"Sejak kapan kamu mengikuti aku?" Vayla mundur selangkah, menjauhi rumahnya sendiri, menjauhi pemuda itu. Dalam pikirannya ia berusaha mengingat teori sprint yang pernah diajarkan guru olahraganya. Bersamaan dengan itu ia juga menyesal tidak membiarkan Dita menemaninya masuk ke rumah juga menolak ajakan Dita untuk masuk sekolah hari ini.
"Aku tidak membuntutimu," sanggah pemuda itu.
Vayla kembali mundur mendengar jawaban itu.
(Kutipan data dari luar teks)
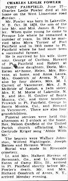 Parents Father: FOWLER, James Rulofson Mother: DEFOREST, Anne Matilda Birth Born on October 28, 1878 in Lakeville, Carleton Co., NB Death Died on June 25, 1944 in Fort Fairfield, Aroostook Co., ME Buried in Riverside Cemetery in Fort Fairfield, Aroostook Co., ME Marriages TURNER, Myra Hope Married on February 07, 1914 in Fort Fairfield, Aroostook Co., ME Children FOWLER, George T.: August 17, 1915 - October 01, 1998 FOWLER, Doris E.: February 16, 1917 - February 13, 2006 FOWLER, Howard Leslie: August 25, 1918 - September 14, 2010 FOWLER, Helen Lettie: August 25, 1918 - February 25, 2010 FOWLER, Anna Laura: March 31, 1920 - June 30, 1995 FOWLER, Robert Churchill: July 12, 1921 - January 03, 1992 Notes Occupation: Farmer Sources Mormons: 7909901 Images Myrtle Fowler & Siblings Birth Charles Fowler Birth Charles Fowler Charles Fowler Obit Charles Fowler

Jelas-jelas pemuda itu berusaha menemuinya sejak semalam bahkan dia juga tahu kapan terakhir kali Vayla mengunci pintu gerbang.
Tanpa menunggu lama, Vayla pun segera berbalik dan sebelum berhasil mempraktikkan teori sprint yang diajarkan gurunya, pemuda itu sudah berhasil meraih lengan kanan Vayla.
"Lepaskan!" teriak Vayla ketakutan.
"Tenang! Aku bukan orang jahat!"
"Lepaskan! Atau aku akan teriak!" ancam Vayla.
"Kamu sudah berteriak," jawab pemuda itu mengingatkan.
"Aku bilang lepaskan!" Vayla berontak, berusaha melepaskan sendiri lengannya dari cengkeraman pemuda itu.
"Ok, aku lepaskan, tapi tolong tenang," pinta pemuda itu.
Perlahan pemuda itu melepaskan genggamannya, mengangkat kedua tangannya ke udara sambil memastikan bahwa Vayla tidak akan kabur lagi.